Riddle-me-Ree

Riddle-me-Ree


What does the kettle whistle
to the grandfather clock
and why does its pendulum
call the kettle black?

A chime in time saves the cuckoo
just before it flies before our eyes …
and in August, fly it must.

Does anyone know how thyme
tells the time and whether or not
the dandelion clock
will learn how and when to chime?

Deep in a Gower Cave,
a woolly rhinoceros weaves
a web of time
on his mother’s knitting needles.

Beside him, in the rock,
a neolithic clock is fast asleep.
Was it Bill Haley put that rock
around the clock?

“You’ll never know,”
rings the sea-bell
tolling on its tidal surge,
“and I don’t have the urge to tell.”

Commentary:

Moo loves a riddle – that is why he fills his paintings with some many strange half people and animals that look out and King Lear at you. Mad as a hatter, is our Moo, especially when he’s feeling Moo-dy Blue. Moo is visually strange and now he is encouraging me to be verbally strange. So I took up the gauntlet, accepted the challenge, and road Nexus, my old dobbin, down to the end of the jousting lists, up with my lance and shield, and off I go.

Luckily Moo doesn’t know what I am talking about and he doesn’t have a dobbin anyway, let alone a lance.
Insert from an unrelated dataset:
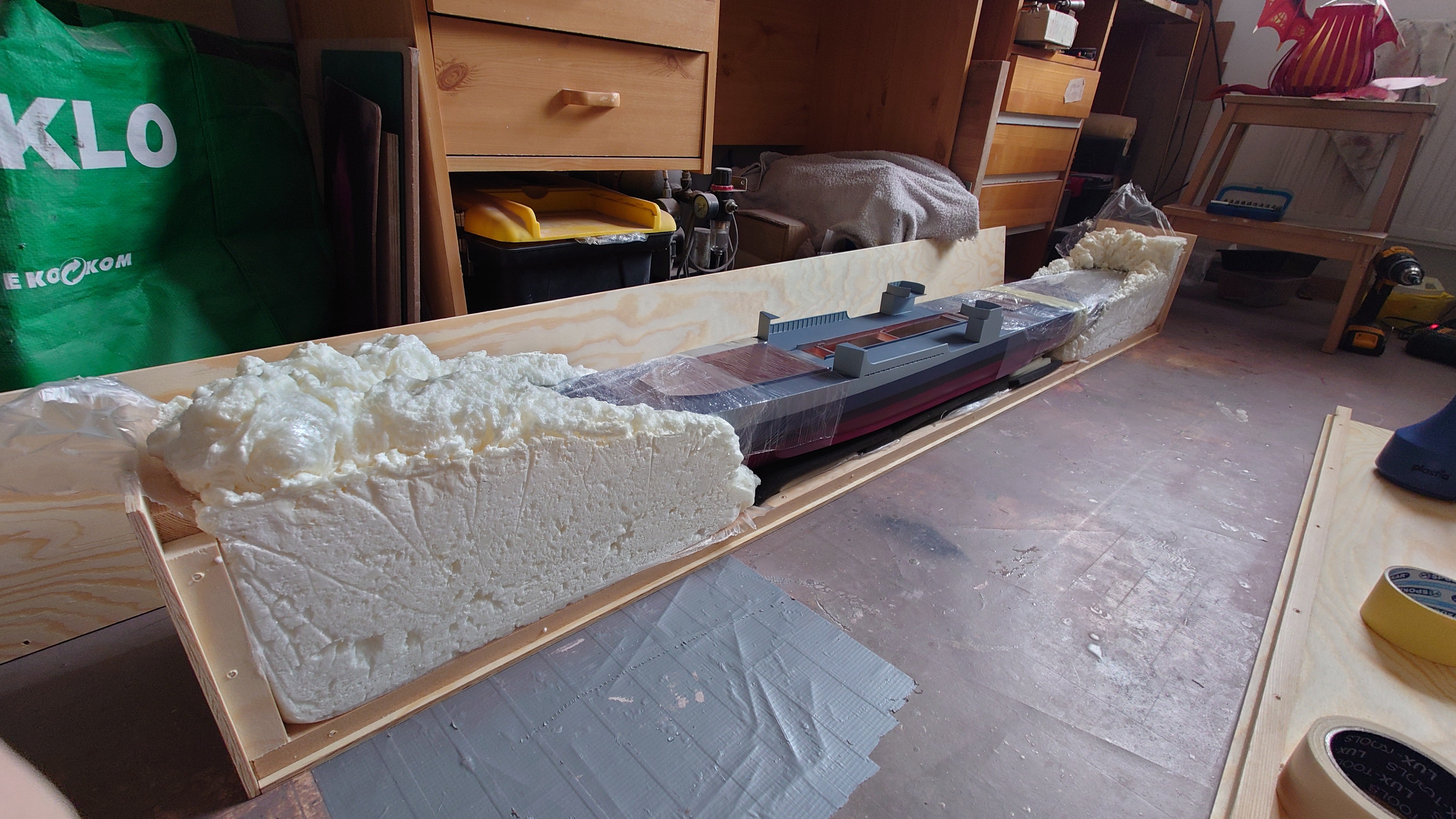 U malých lodí mám krabice s víkem a odklápěcí boční stěnou, pozici trupu fixuje akustický molitan (ten s těmi hrbolky), ale u takhle dlouhého trupu jsem volil pevnou vanu, kam trup posadím a on se zafixuje. kdybych byl schopen jednoduše a přesně vyřezat XPS polystyren do tvaru trupu (negativní forma), použil bych asi to.

So, there he is, sitting on the sidelines, flicking paint at me with his paint brush. “The brush is mightier than the last,” he said. “Here’s mud in your eye!” And he must have been to PEI, because the mud was all red.

Alas, the Field Marshal thought I was bleeding, so he waved the white handkerchief and told me to leave the field of combat before PEI was swept away and vanished under a tide of big red mud along with Bud the Spud. And that made Stompin’ Tom stomping mad. “He might at least have used ketchup,” he cried, “because ketchup loves potatoes.” I found out, a lot later, that he had actually betted some money on me and was furious because he lost it.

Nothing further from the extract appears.